> **EXERCISE DESCRIPTION**
Print a faithful copy of the data below, word for word, with the pictures left out.

> **GIVEN INFORMATION**

-- Opening Marker --

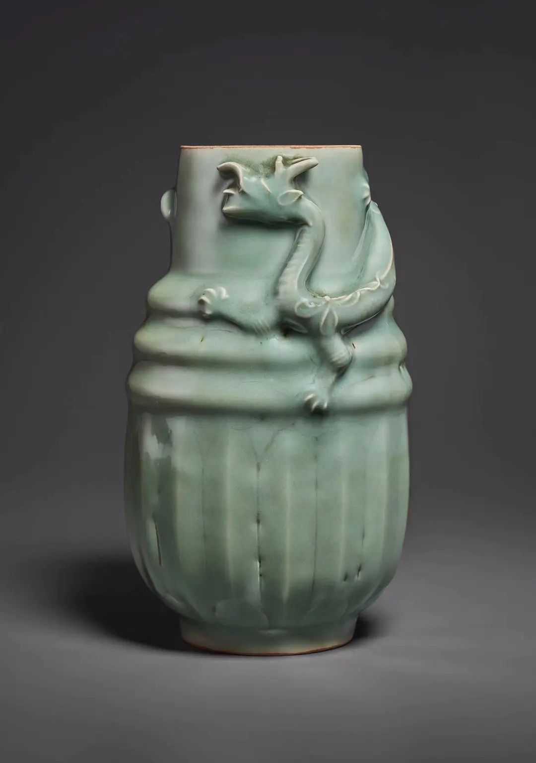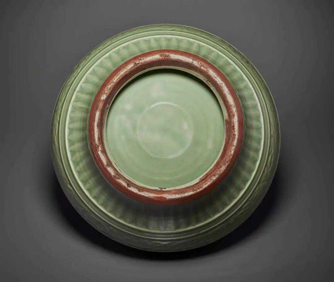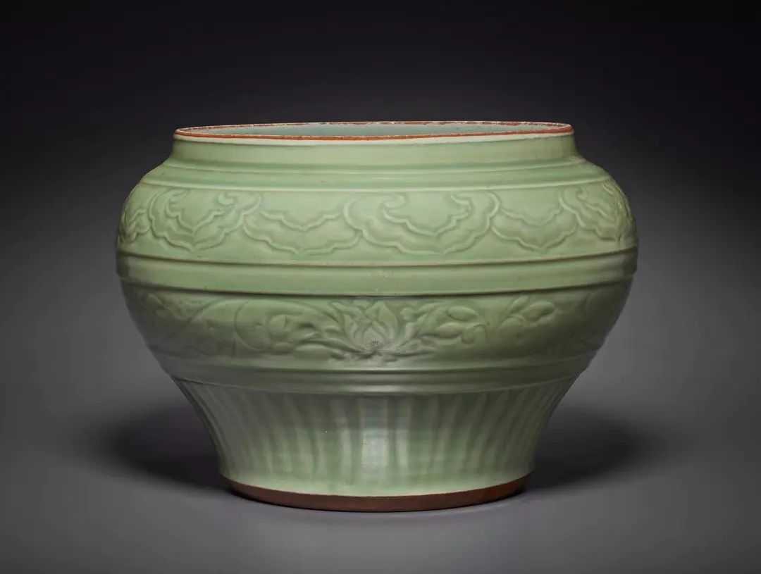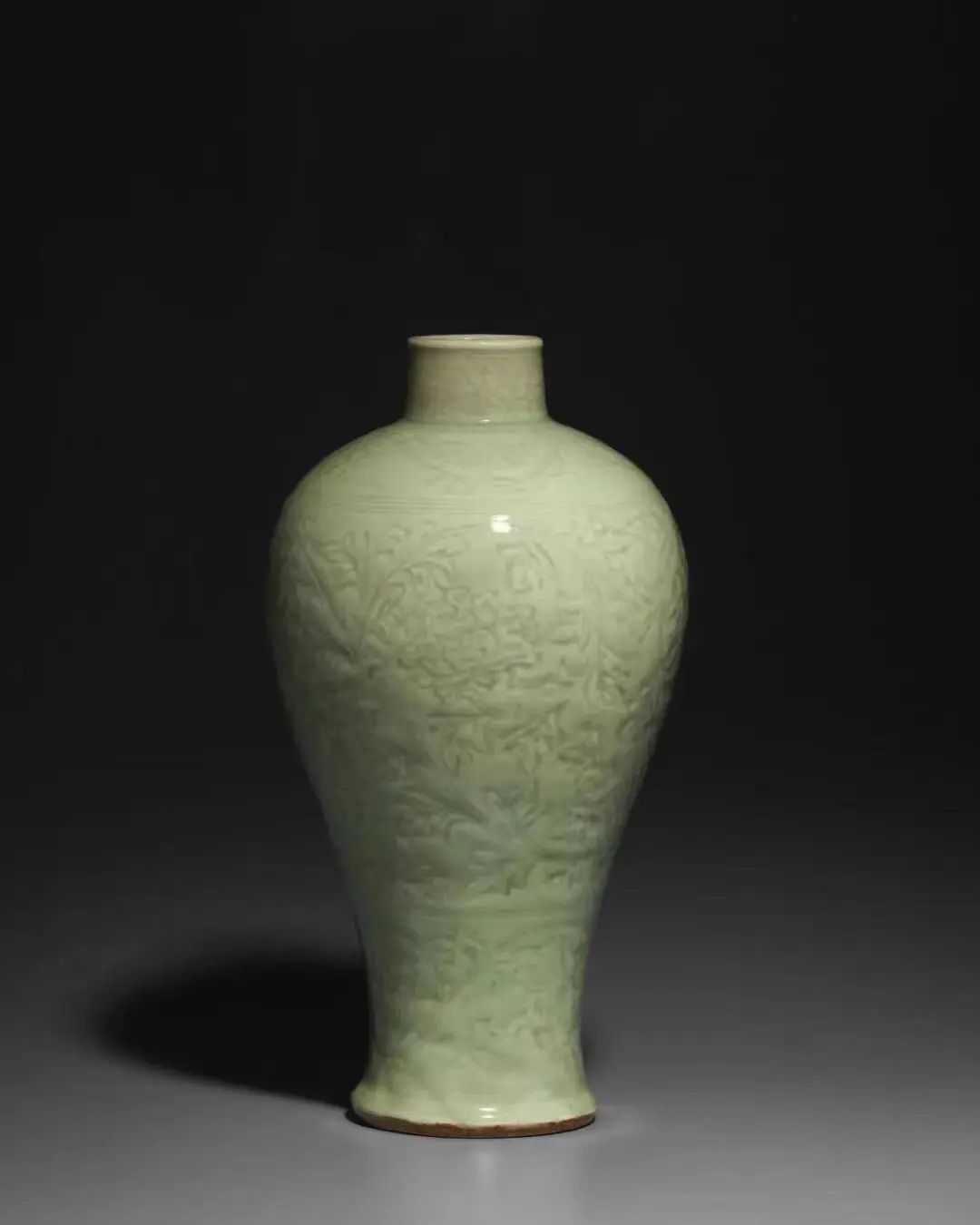 明十四-十五世纪龙泉窑青釉刻缠枝莲纹梅瓶
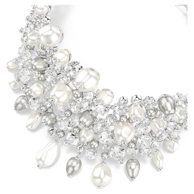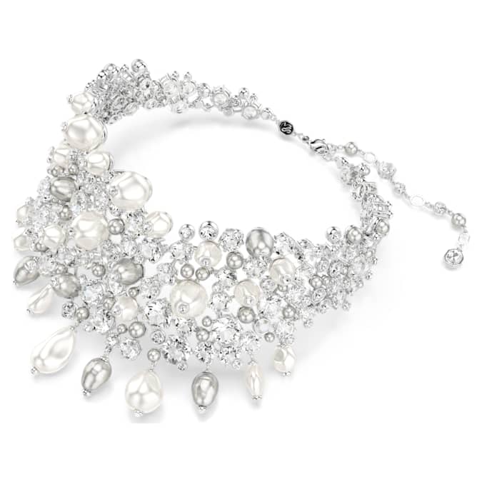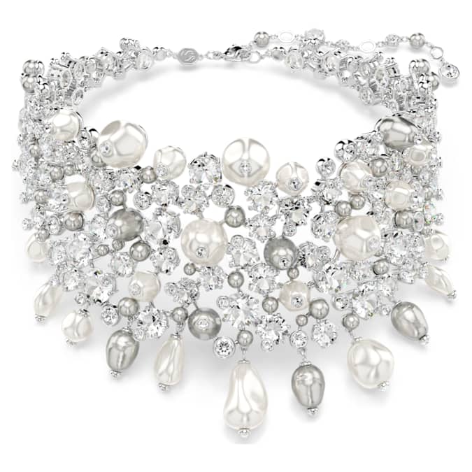 Radiant, elegant, and expressive, this Constella choker is the ultimate statement piece for a special occasion. Showcasing an intricate level of savoir-faire, the rhodium plated design features various sizes of clear crystals and white and gray Swarovski Crystal Pearls, combining to create a truly refined appearance. Pair it with the matching clip earrings or brooch for a truly showstopping look.
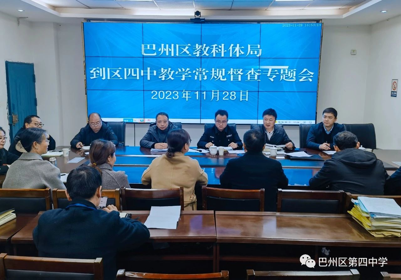 11月28日,巴州区教科体局督导检查组一行到区四中督查2023年秋学期教育教学管理工作。区四中党总支书记吴祖强、校长吕安平携各处室分管领导和负责人参加。
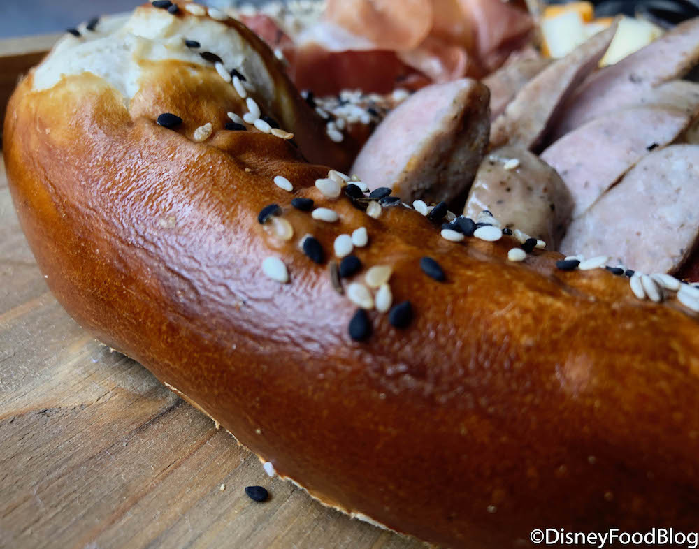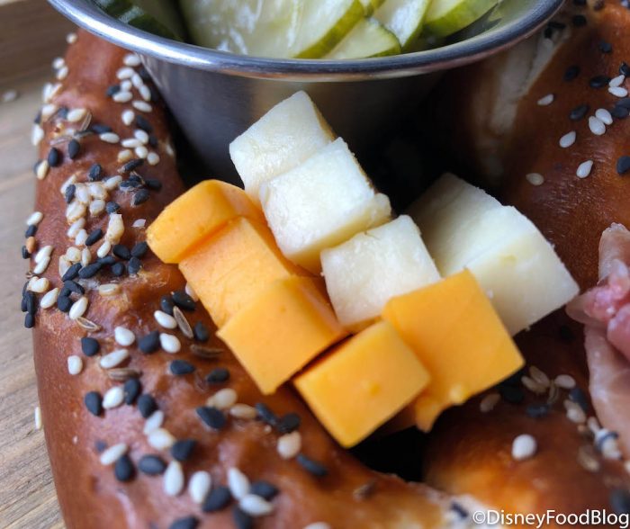 All around Disney Springs, the WonderFall flavors are in full swing! We’ve already sampled the Fall treats at YeSake, the Oktoberfest Burger at D-Luxe Burger, and now, this LOADED pretzel seriously has our mouths watering just by looking at it.

-- Closing Marker --

> **EXERCISE SOLUTION**
 明十四-十五世纪龙泉窑青釉刻缠枝莲纹梅瓶
 Radiant, elegant, and expressive, this Constella choker is the ultimate statement piece for a special occasion. Showcasing an intricate level of savoir-faire, the rhodium plated design features various sizes of clear crystals and white and gray Swarovski Crystal Pearls, combining to create a truly refined appearance. Pair it with the matching clip earrings or brooch for a truly showstopping look.
 11月28日,巴州区教科体局督导检查组一行到区四中督查2023年秋学期教育教学管理工作。区四中党总支书记吴祖强、校长吕安平携各处室分管领导和负责人参加。
 All around Disney Springs, the WonderFall flavors are in full swing! We’ve already sampled the Fall treats at YeSake, the Oktoberfest Burger at D-Luxe Burger, and now, this LOADED pretzel seriously has our mouths watering just by looking at it.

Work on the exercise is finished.